Centre d'Etude des Cellules Souches

Status and phase

Enrolling
Phase 2

Conditions

Wolfram Syndrome

Treatments

Drug: Depakine

Study type

Interventional

Funder types

Other

Identifiers

NCT04940572
2020-004594-43

Details and patient eligibility

About

Open label, phase II study non randomized single group assignment of 20 evaluable patients 13 years and older, over 37,5 kg body-weight, with sensorineural hearing loss of at least 20 dB at 8 kHz in high frequency average (HFA), and with documented genetic mutations in the WFS1 gene and with at least one other major documented clinical symptom pertaining to Wolfram syndrome (i.e. diabetes mellitus, diabetes insipidus, optic atrophy). Every patients will receive over three years a treatment by VPA (Depakine chrono).

Full description

Open label, phase II study non randomized single group assignment of 20 evaluable patients 13 years and older, over 37,5 kg body-weight, with sensorineural hearing loss of at least 20 dB at 8 kHz in high frequency average (HFA), AND with documented genetic mutations in the WFS1 gene AND with at least one other major documented clinical symptom pertaining to Wolfram syndrome (i.e. diabetes mellitus, diabetes insipidus, optic atrophy).
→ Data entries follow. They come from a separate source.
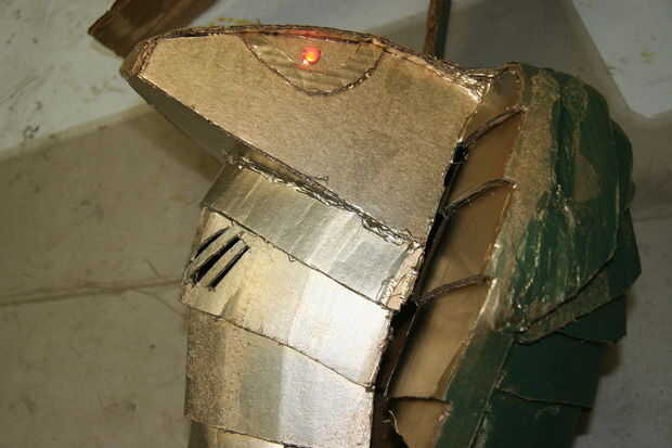 antes de comenzar, pegue un pedazo plano grande en la parte posterior de la cabeza que va hasta la parte inferior de la pieza de cuello. entonces nivelar los lados con varias piezas de cartón. la espalda debe quedar plana.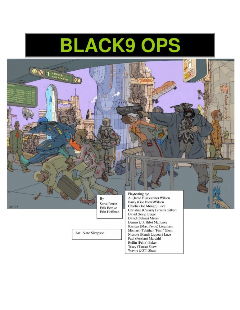 Black9 Ops je kyberpulpová hra. Můžete v ní čekat slábnoucí vlády, sílící korporace, ilimunáty, hackování a plížení do nepřátelských základen, stejně jako přestřelky, při nichž se vzduch plní olovem, intriky a zrady, a to vše v dobrodružném, lehce nasazeném duchu. Příkladem typického netypického protivníka je vedlejší výsledek výzkumu dlouhověkosti – zombie.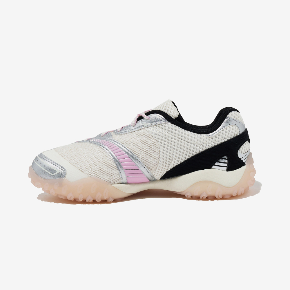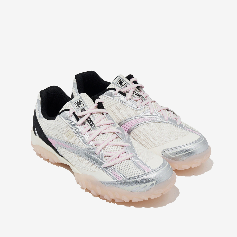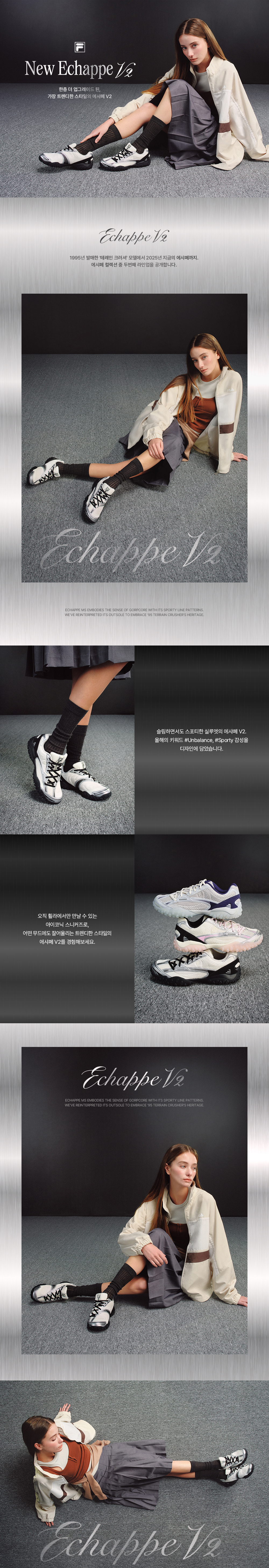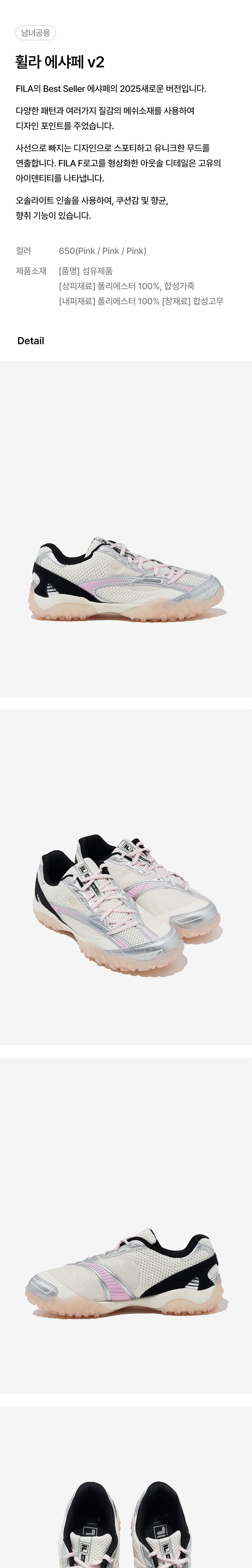 FILA의 Best Seller 에샤페의 2025새로운 버전입니다.다양한 패턴과 여러가지 질감의 메쉬소재를 사용하여 디자인 포인트를 주었습니다.사선으로 빠지는 디자인으로 스포티하고 유니크한 무드를 연출합니다. FILA F로고를 형상화한 아웃솔 디테일은 고유의 아이덴티티를 나타냅니다.오솔라이트 인솔을 사용하여, 쿠션감 및 향균, 향취 기능이 있습니다.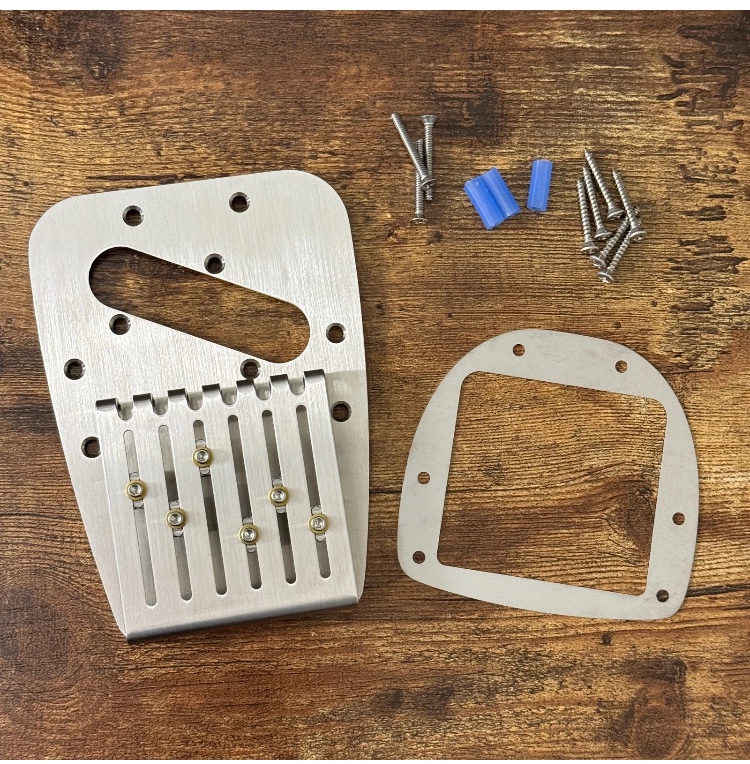 The more steeply cantered Tele bridge pickup is kind of an odd choice given that the canter on the Tele only happened to reuse an existing lap steel pickup design without having to redesign it for a narrower string spacing. I’m assuming we’re narrowing again at this tailpiece so that a more conventional pole-spaced pickup might work straight or cantered.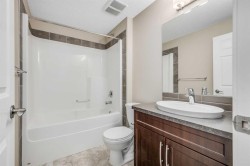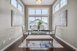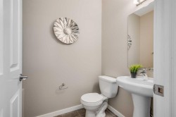Welcome to this stunning home located in the highly sought-after Skyview Ranch community! Situated on a corner lot, this property offers an exceptional living experience, blending comfort, convenience, and modern upgrades in a fantastic location.As you enter, you’re welcomed by a spacious living area, followed by beautiful hardwood floors that flow through the kitchen and dining spaces, creating a warm and timeless atmosphere. The open-concept layout provides an ideal setting for hosting guests or enjoying quiet family time. The thoughtfully designed kitchen is perfect for any home chef, featuring sleek stainless-steel appliances, a large island, and plenty of cabinetry. A half bathroom completes the main floor.Upstairs, you’ll find three generously sized bedrooms, including a primary bedroom complete with its own private ensuite bathroom. A second full bathroom serves the additional bedrooms.The fully finished basement adds even more living space, offering a cozy living room, a bar area, a full bathroom, and a dedicated laundry room with extra storage.Step outside to the oversized deck, ideal for summer gatherings or peaceful evenings outdoors. The fully fenced backyard offers both privacy and ample room for outdoor activities.With over 2,100 sq. ft. of living space, this home also includes an oversized garage, providing plenty of room for vehicles, storage, or a workshop. Recent upgrades such as a new roof enhance both functionality and curb appeal.Just steps from a playground and walking paths, you’ll appreciate being close to outdoor recreation. The home has been meticulously maintained, and the back alley offers convenient access. An on-demand water heater ensures endless hot water for the entire household.Enjoy wonderful neighbors and the quiet, family-friendly atmosphere of Skyview Ranch, all while staying close to major roads, schools, parks, shopping, and public transit.Don’t miss your chance to make this charming home yours!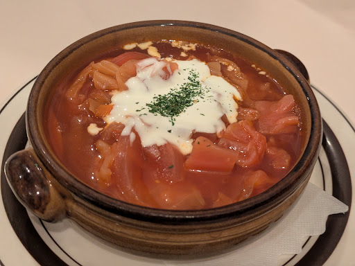 Read more運良く当日予約がとれたランチ。こじんまりしたレストランで、印象は目立たない知る人ぞ知るお店。ロールキャベツが有名らしく、高いのかなぁ…と冒険する気持ちで出掛けました。 ランチは3種類。 店内もお店も、聞いていた通りステキなお店です。奥行きある絶妙なソースに、プレートに揺るぎなく聳えるロールキャベツ。ロシアを体感する芳醇な味で、柔らかく、じんわりジューシーなお肉が美味しかったです。ロシアンティーも、ちょっとおしゃれな感じです。 お店自体は分かりづらい立地で、見つけたらステキな空間と美味しいお料理にめぐり逢えます。 親しいお友達やご夫婦、恋人同士、オトナになった娘さんとランチ…と、大切な人と行きたいようなお店です。お子さん連れは難しい気がします。駐車場はなく、物語に出てきそうなお店。 高過ぎず、安すぎずで上品で美味しいお料理が頂けるのは、有り難いです。ぜひぜひ、ま...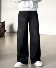 크랙 워싱 와이드 데님팬츠 커브드 청바지_블랙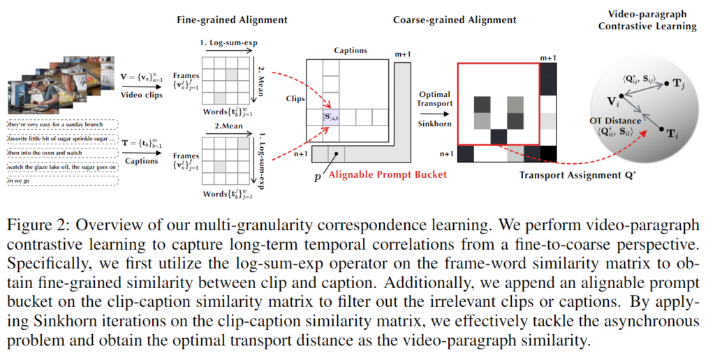 video와 paragraph 사이의 시간적 상관관계를 coarse한 level에서 align하고 위에서 설명한 OT(선형 계획 형태의 OT와 Sinkhorn 알고리즘)을 활용해 유사도를 계산합니다. clip-caption 유사도 행렬에 Sinkhorn 알고리즘을 반복 적용하여 asynchronous misalignment를 해결하고 최적인 이동 거리를 계산합니다. 최적 이동거리(OT)를 활용하여 coarse한 video-paragraph 유사도를 얻을 수 있습니다.

Every patients will receive over three years a treatment by VPA (Depakine chrono).

The effective dose and duration of this 3 years therapy has to be determined individually with the aim to obtain preservation of auditory function defined as no decrease higher than 5 dB on one ear compared to baseline at 8 kHz on high frequencies average and to reduce the dose of insulin and/or desmopressin needed, therefore monitoring of the patients plasma concentration of VPAis required for dose adjustment.

Generally a plasma level between 40 and 100 mg/l (ie, 300 to 700 micromol/l) sodium valproate is aimed to be reached.

Initially 10-15 mg of sodium valproate/kg bodyweight per day will be taken in one or two doses during meals. The dose will then be increased every 3 days in steps of 10 mg sodium valproate/kg bodyweight per day till the optimal plasma level is reached but does not exceed 100 milligrams per liter (ie, 700 micromol/l) during 156 weeks (refer to Appendix 5).

Analysis will compare Pure tone audiometry (PTA), Speech interference index (SII) and High frequency pure tone audiometry hearing test between baseline and final visit.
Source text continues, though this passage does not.